RECORDED DATA:

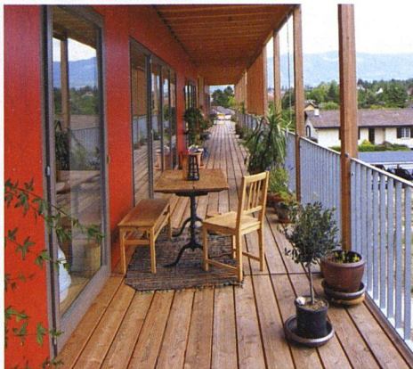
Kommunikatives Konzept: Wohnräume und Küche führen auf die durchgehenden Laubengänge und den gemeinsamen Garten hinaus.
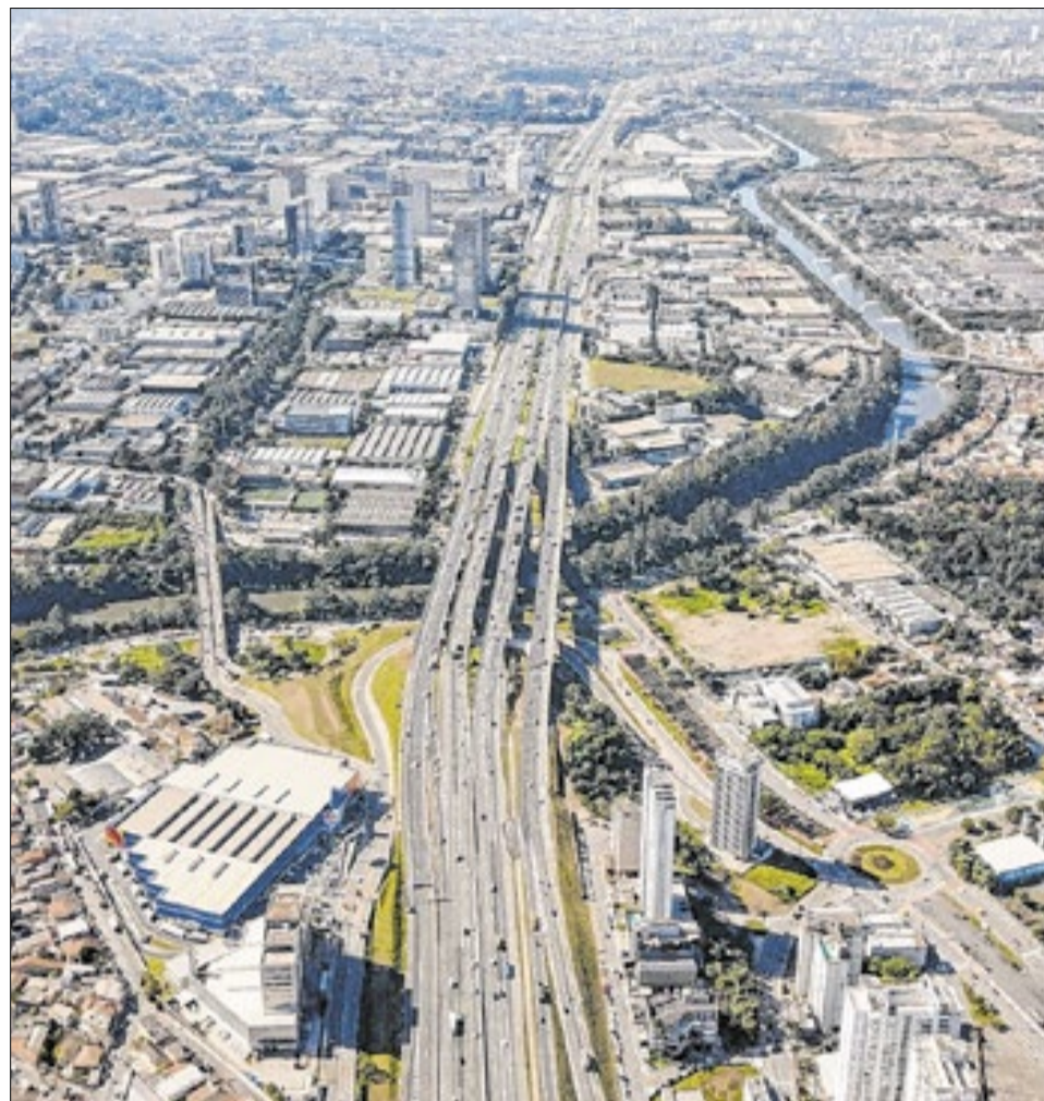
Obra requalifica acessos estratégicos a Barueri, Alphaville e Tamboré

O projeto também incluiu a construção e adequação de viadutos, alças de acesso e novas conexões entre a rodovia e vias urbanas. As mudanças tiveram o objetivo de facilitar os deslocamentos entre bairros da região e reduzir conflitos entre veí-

...

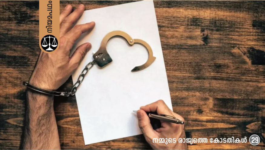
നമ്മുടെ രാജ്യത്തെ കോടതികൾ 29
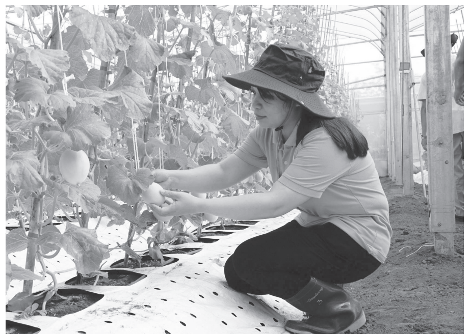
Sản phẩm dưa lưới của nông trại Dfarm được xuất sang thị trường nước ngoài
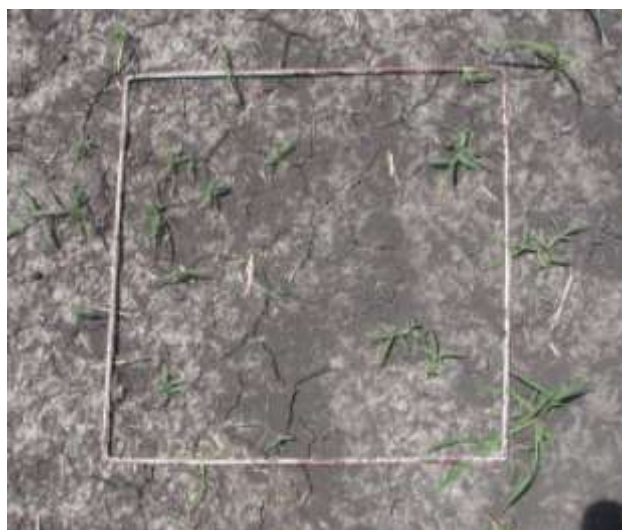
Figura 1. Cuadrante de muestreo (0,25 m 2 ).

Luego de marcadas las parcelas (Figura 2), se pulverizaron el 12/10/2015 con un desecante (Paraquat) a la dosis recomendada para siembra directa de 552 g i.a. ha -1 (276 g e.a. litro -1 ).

TASK GOAL: Look back over the records above. Reproduce exactly everything from the line with "Sản phẩm dưa" down to the line with "Luego de marcadas", inclusive, and leave the pictures out.

ANSWER FOR THE TASK:
Sản phẩm dưa lưới của nông trại Dfarm được xuất sang thị trường nước ngoài
Figura 1. Cuadrante de muestreo (0,25 m 2 ).

Luego de marcadas las parcelas (Figura 2), se pulverizaron el 12/10/2015 con un desecante (Paraquat) a la dosis recomendada para siembra directa de 552 g i.a. ha -1 (276 g e.a. litro -1 ).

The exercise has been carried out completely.